My Sea Swimming Essentials

Brilliant bits and bobs for the lido or wild swimming

I’m now entering my second winter of cold water sea swimming, so I thought I would update this blog with a few more tips I picked up last season. Although I’ve always loved sea swimming, I’d never kept going beyond September before last year and I think it’s possible that I am now slightly addicted to the colder water. I usually swim with my mum, but now I’m working in an office again I’m pleased to report that there are plenty of cold water enthusiasts at my new job, plus an excellent bay for swimming just around the corner.

Last year I did wear my wetsuit for a few months, but this year I am hoping to go without because frankly, it’s not a very pleasant thing to swim in (too buoyant!). I’ve just started wearing my gloves and boots in the water (not sustainable I’m afraid, but using things I already have) but there are some other sustainable bits and pieces that I really couldn’t do without. So if you’re also one of the many people taking up wild swimming or doing a daily dip in the lido, here are the items that I swear by to make the whole experience as practical and cosy as possible.

Towelling robe

Rapanui organic cotton robe, £50 (

I’m not using this now that the temperature has dropped but it’s worth mentioning anyway as I use it every day in the summer. And my mum has discovered it’s great as an extra layer under her winter swim coat (below) if there’s a bit of a chill. This slightly retro towelling change robe from circular brand Rapanui is made from organic cotton and when you’ve eventually finished with it, you can send it back to be made into something new. This is a full family affair – I bought one each for my parents a couple of Christmases ago and made my husband get one for me! (I now work for Rapanui but my love for this robe came years before my job!)

Changing coat

‘Escapism’ recycled sherpa lined changing robe, £119.95 (

Mum and I both invested in one of these last year and I can’t recommend them enough. We’re pretty chuffed that by picking a sustainable brand that’s quite new, we’ve also been gaining the attention of the seasoned sea swimming ladies at our local beach! Ours are from Passenger Clothing, and are made from recycled polyester. They have three colours to choose from and either long sleeved or poncho styles – mum and I went for the sherpa lining in black (her) and rust (me). I would advise going up if you think you’re between sizes so that you have plenty of room to move your arms around underneath. I also use mine to go to the pool (no one seems to bother with changing rooms anymore!) and I have to admit I’ve walked the dog in it too because it’s so cosy!

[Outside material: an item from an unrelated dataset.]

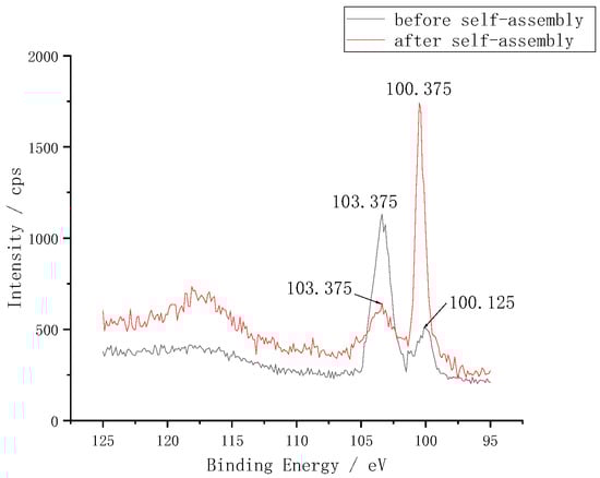 It can be seen that the Si2p peaks were divided into two groups; there were two forms of Si on the silicon surface. From the peak attribution table [36], it can be found that the Si at 100.125 eV was in an Si-Si bond, the Si at 103.375 eV was in Si-O, and the Si at 100.375 eV was in an Si-C bond [26,37]. After assembly, the peak value at 103.375 significantly decreased, the peak value at 100.125 almost disappeared, and the peak value at 100.375 obviously appeared. The ratio of the silicon peak area at 103.375 eV and 100.125 eV was about 4:1 before the reaction, indicating that the silicon surface was dominated by silicon dioxide, while the ratio of the silicon peak area at 103.375 eV and 100.375 was 1:4 after the reaction, indicating that the silicon bonded with carbon greatly increased. This was caused by the substitution of Si-Si and Si-O bonds for the Si-C bonds between the 1-octadecene molecules and the Si substrates. The above XPS spectrum analysis further proves that a self-assembled monolayer formed on the silicon substrate after the reaction, and the 1-octadecene molecules were covalently linked to the silicon surface.
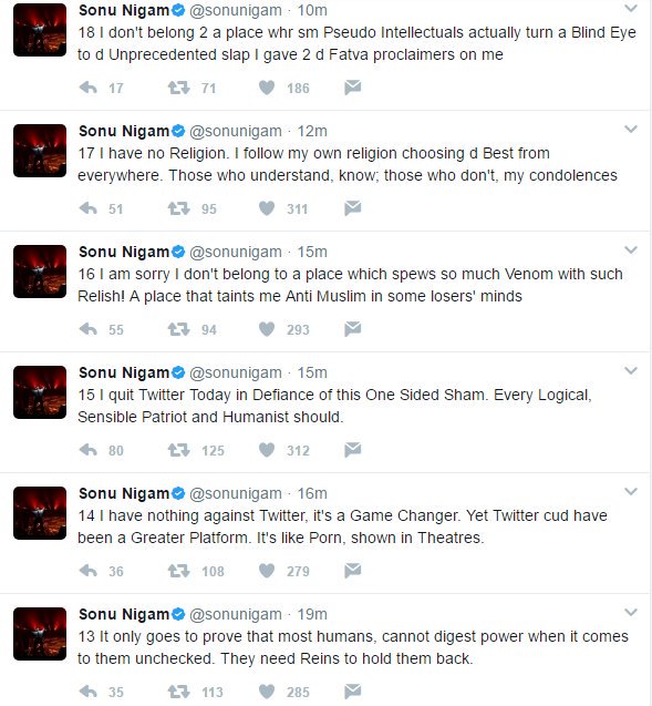 Sonu Nigam defends Abhijeet Bhattacharya; announces will quit TwitterSonu NigamVerified account @sonunigamFollowMoreSonu Nigam Retweeted Ved Tiwari

Voited blanket, £125, and poncho, from £79 (

Another brand making recycled changing coats is Voited. My sister-in-law has one of the ponchos and she is thrilled to bits with it. She likes it because it gives her enough space to cycle home, too. If you’re an outdoors type, Voited also makes beautifully illustrated recycled waterproof blankets.

Swimming top

Sustainable long sleeve top, £110 (

One of the first things Mum and I bought last year (yes, we always buy the same thing in a different colour!) was our long sleeve tops from Davy J. This lovely swimwear brand only uses recycled materials and is designed by a woman who herself swims year-round in the sea, so you know that practicality is front and centre of each piece. They really work to give your essential organs more warmth, and the sleeves have a thumb hole to keep them firmly over your hands. Oh, and they’re MUCH easier to take off than a wetsuit! There are lots of other products that have caught my eye, including the super high waist bikini bottoms and all-in-one swimsuits. 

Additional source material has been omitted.